Advogado tributário pode revisar contratos com produto e contador, sem prometer alíquota mínima.
A transição exige calendário
A LC 214/2025, já compilada com alterações de 2026, instituiu IBS e CBS e fixou para fatos geradores de 2026 alíquotas de 0,1% e 0,9%, respectivamente, dentro da transição legal. Isso não extinguiu de imediato o ISS: o cronograma constitucional mantém convivência de tributos antes da substituição completa. A empresa deve cumprir documentos e regras vigentes sem chamar 2026 de ensaio sem efeitos jurídicos.
Mapeie produtos, itens municipais e operações alcançadas por IBS/CBS. Atualize sistemas conforme LC 214 e atos oficiais, separando períodos e evitando somar alíquotas sem considerar mecanismos legais da transição.
Exemplos de classificação sem rótulos artificiais
Uma plataforma concede acesso a software de gestão e inclui armazenamento indispensável: o contrato pode revelar prestação integrada, embora a nota precise usar item compatível com a lei municipal. Outra empresa vende servidor físico e presta implantação separada; a mercadoria não desaparece apenas porque há software embarcado. Serviço de streaming por assinatura deve ser distinguido de marketplace que apenas aproxima criadores e usuários, de publicidade e de venda definitiva de arquivo. Em importação de SaaS, examine tomador, local, retenções e regras específicas, sem aplicar automaticamente a solução doméstica. Para definir estabelecimento prestador, documente onde decisões, equipe e meios estão organizados; caixa postal não sustenta deslocamento. Revise contratos, catálogo e NFS-e juntos, pois marketing pode chamar tudo de licença enquanto a entrega técnica mostra várias obrigações. Se mudar classificação, planeje transição e retificações, evitando notas retroativas sem suporte.

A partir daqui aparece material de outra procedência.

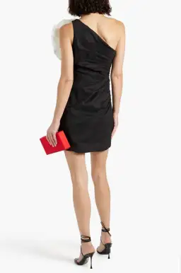 A slim fitting one shoulder mini silhouette featuring an asymmetric front hemline and ruched side seem, complete with a sculpturally inspired flower.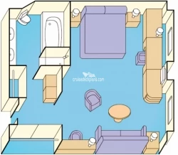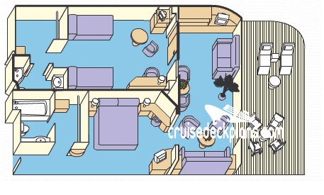 - A mini-suite and interior stateroom that are connected by a large living room with two sofa beds- Large Private balcony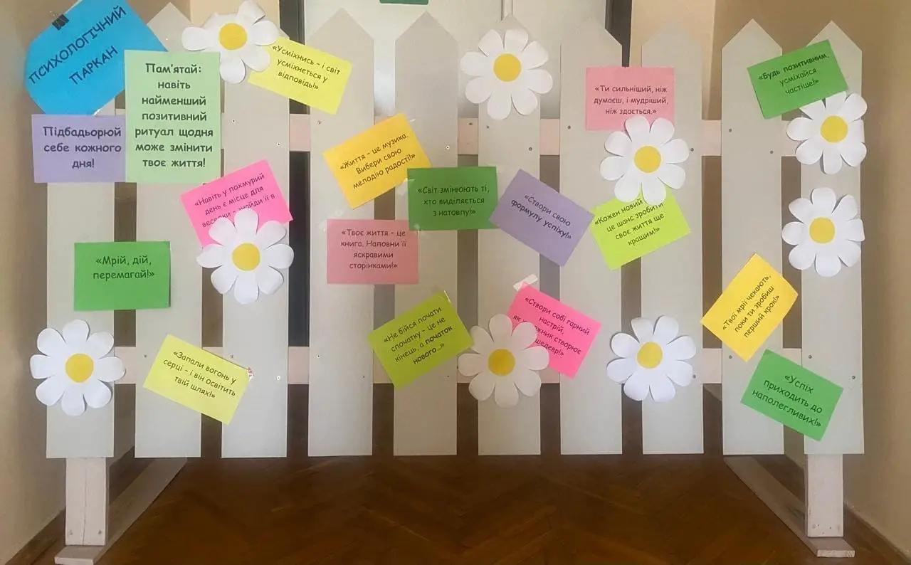 - Психологічний паркан «Підбадьорюй себе щодня», де учасники ділилися мотиваційними фразами та словами підтримки.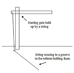 Au moment du départ, l'arbitre lâche l'ensemble des cordes : les barres mobiles tombent par gravité et libèrent le passage devant les coureurs[2].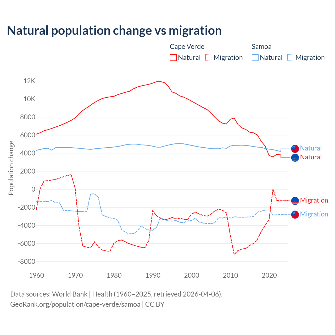 Over the last 10 years, 56.4% of the population change in Cape Verde is from natural causes (a gain of 50,193 people) and 43.6% is from migration (a loss of 38,879 people). In Samoa 62.5% is from natural causes (a gain of 45,436 people) and 37.5% is from migration (a loss of 27,246 people).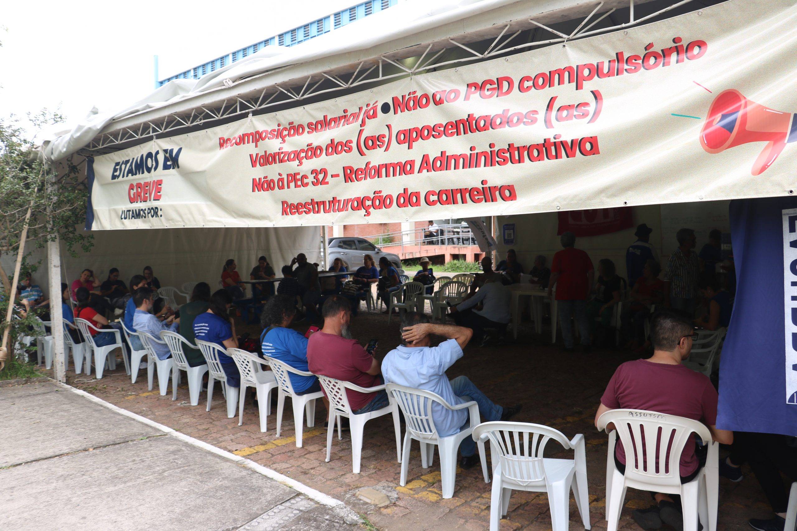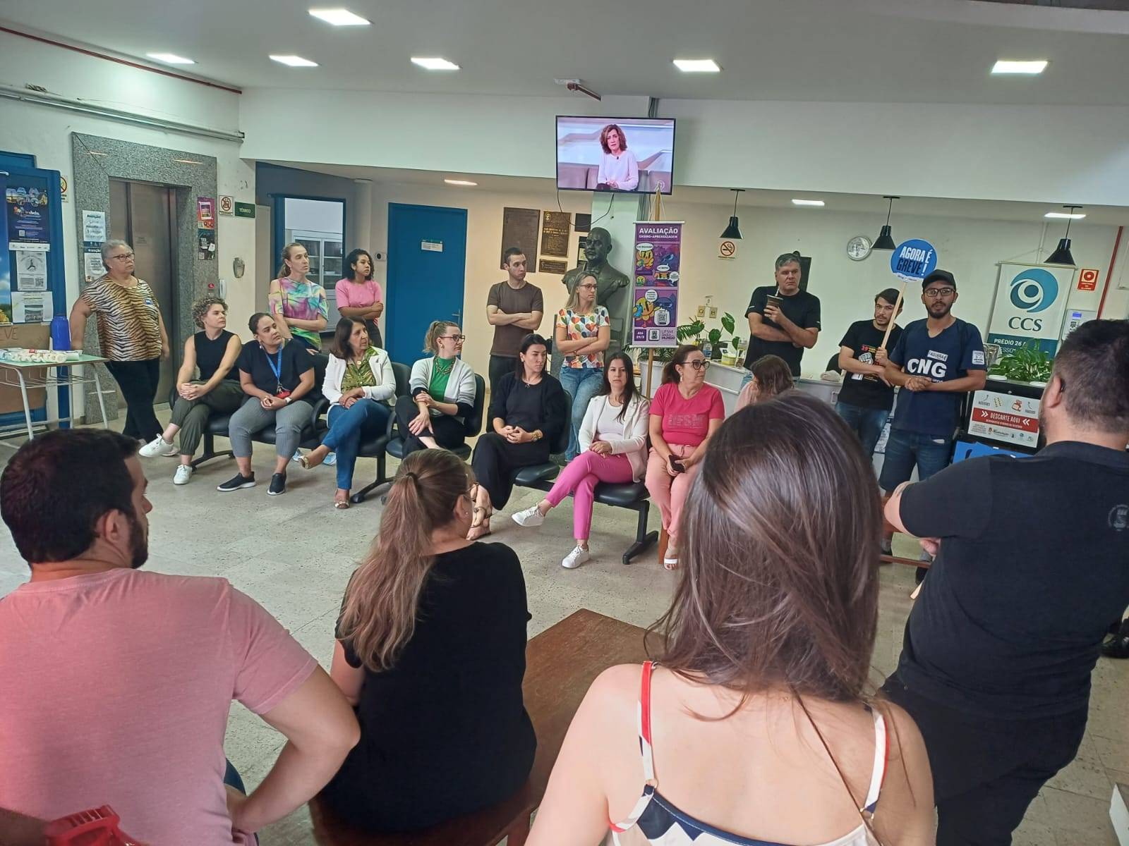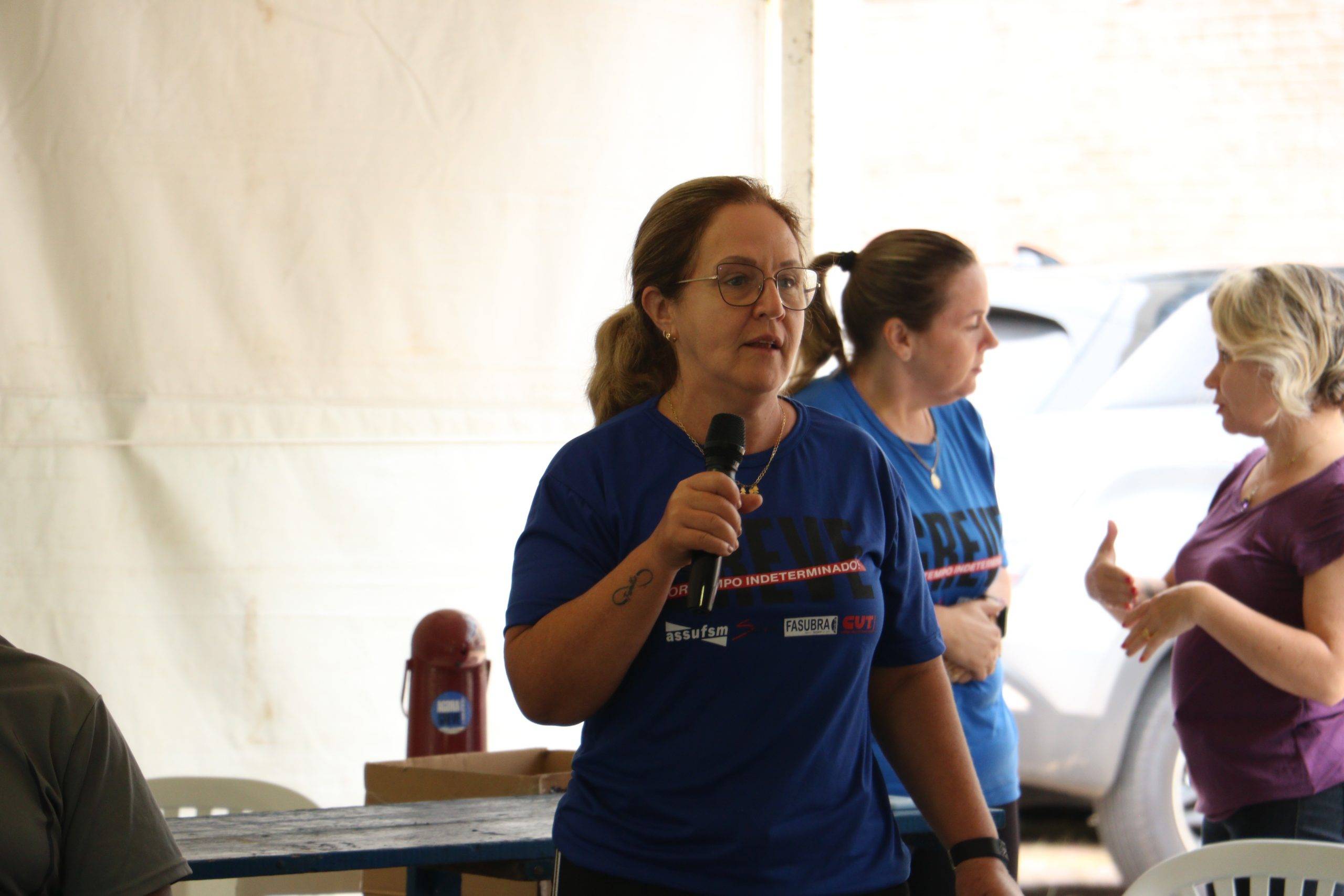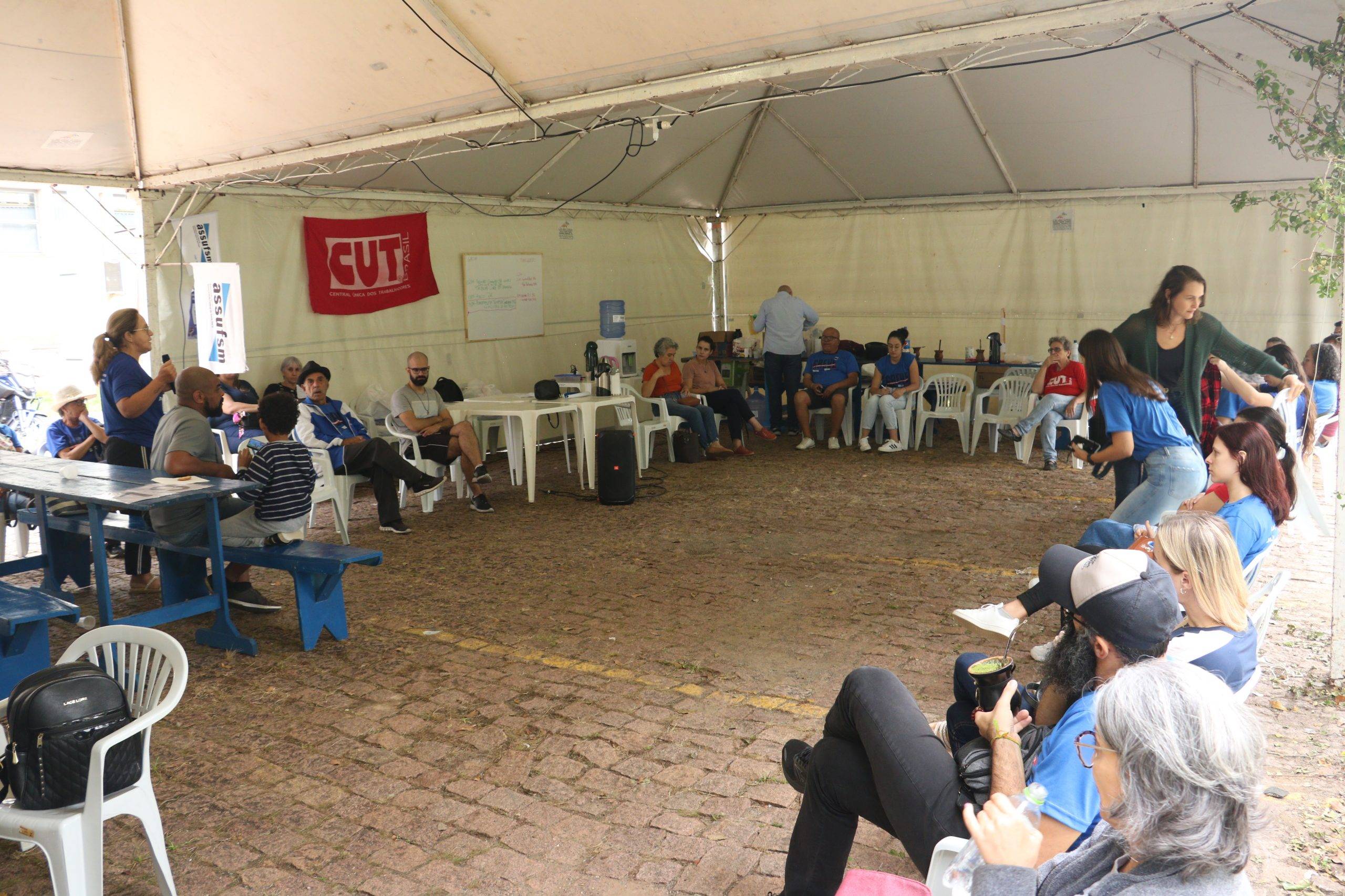 Nesta manhã, o Comando Local de greve discutiu e planejou ações para a Mobilização em frente ao Arco de entrada do campus sede, a ser realizada a partir das 7h de quarta-feira (03). Além disso, informes locais foram trazidos pelos(as) TAEs que também fizeram o debate de conjuntura e pautas da greve. O representante estadual da Central Única dos Trabalhadores (CUT-RS) Marcelo Carlini esteve, nesta manhã, em visita ao Comando Local e também contribuiu para o debate, com uma avaliação do movimento grevista no RS e país.

Retenções, exportação e importação de serviços
Além do item, a empresa deve conferir retenção pelo tomador nas hipóteses legais, cadastro municipal e regras de importação ou exportação. Serviço prestado a cliente estrangeiro não é automaticamente exportação para fins de ISS: o resultado e demais requisitos exigem análise factual e da jurisprudência. Serviço vindo do exterior pode gerar ISS-importação e outras incidências, conforme operação. Contratos em moeda estrangeira, meios de pagamento e localização do uso ajudam a reconstruir o fato. Não use endereço IP isolado para definir resultado. Se plataforma vende a consumidores de várias cidades, mantenha documentação do estabelecimento e acompanhe mudanças nacionais de emissão. A revisão precisa envolver fiscal, produto e jurídico para que descrição técnica, comercial e tributária não se contradigam.